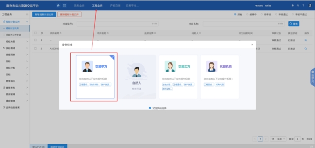 跳轉(zhuǎn)南充市公共資源交易平臺后選擇“交易甲方”身份進入“工程業(yè)務(wù)”模塊(第一次登錄需選擇),如下圖所示:
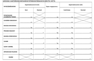 ZADANIE MRP – ILOŚCIOWO-WARTOŚCIOWE ZESTAWIENIE POTRZEB MATERIAŁOWYCH BRUTTO I NETTO
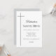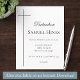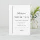 Invite friends and family to celebrate your child's church baby dedication with these minimalist black-and-white invitations. The modern design features an elongated thin cross with your son/daughter's name—accompanied by your ceremony and celebration details. Printable download available, social media options.

Assignment: Give back each line above exactly, with pictures dropped.

Exercise output:
 跳轉(zhuǎn)南充市公共資源交易平臺后選擇“交易甲方”身份進入“工程業(yè)務(wù)”模塊(第一次登錄需選擇),如下圖所示:
 ZADANIE MRP – ILOŚCIOWO-WARTOŚCIOWE ZESTAWIENIE POTRZEB MATERIAŁOWYCH BRUTTO I NETTO
 Invite friends and family to celebrate your child's church baby dedication with these minimalist black-and-white invitations. The modern design features an elongated thin cross with your son/daughter's name—accompanied by your ceremony and celebration details. Printable download available, social media options.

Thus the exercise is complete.